Records to use:
★ ★ ★ ★
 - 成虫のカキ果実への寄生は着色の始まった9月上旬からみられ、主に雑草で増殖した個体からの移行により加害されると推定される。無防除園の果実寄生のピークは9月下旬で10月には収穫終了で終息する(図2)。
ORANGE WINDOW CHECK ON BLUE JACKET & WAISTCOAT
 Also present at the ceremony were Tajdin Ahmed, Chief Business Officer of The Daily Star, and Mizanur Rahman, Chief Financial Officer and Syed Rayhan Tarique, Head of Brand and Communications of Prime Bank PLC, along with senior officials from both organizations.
★ ★ ★ ★
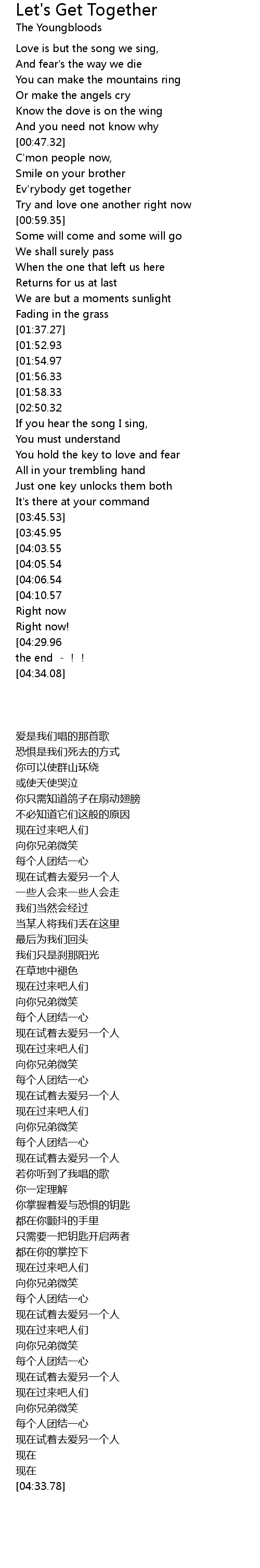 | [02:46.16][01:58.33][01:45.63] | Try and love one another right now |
★ ★ ★ ★
Problem description:
Print the lines above from the one with "- 成虫のカキ果実への寄生は" through the one with "Also present at", both included, exactly as written and nothing more.

Solution:
 - 成虫のカキ果実への寄生は着色の始まった9月上旬からみられ、主に雑草で増殖した個体からの移行により加害されると推定される。無防除園の果実寄生のピークは9月下旬で10月には収穫終了で終息する(図2)。
ORANGE WINDOW CHECK ON BLUE JACKET & WAISTCOAT
 Also present at the ceremony were Tajdin Ahmed, Chief Business Officer of The Daily Star, and Mizanur Rahman, Chief Financial Officer and Syed Rayhan Tarique, Head of Brand and Communications of Prime Bank PLC, along with senior officials from both organizations.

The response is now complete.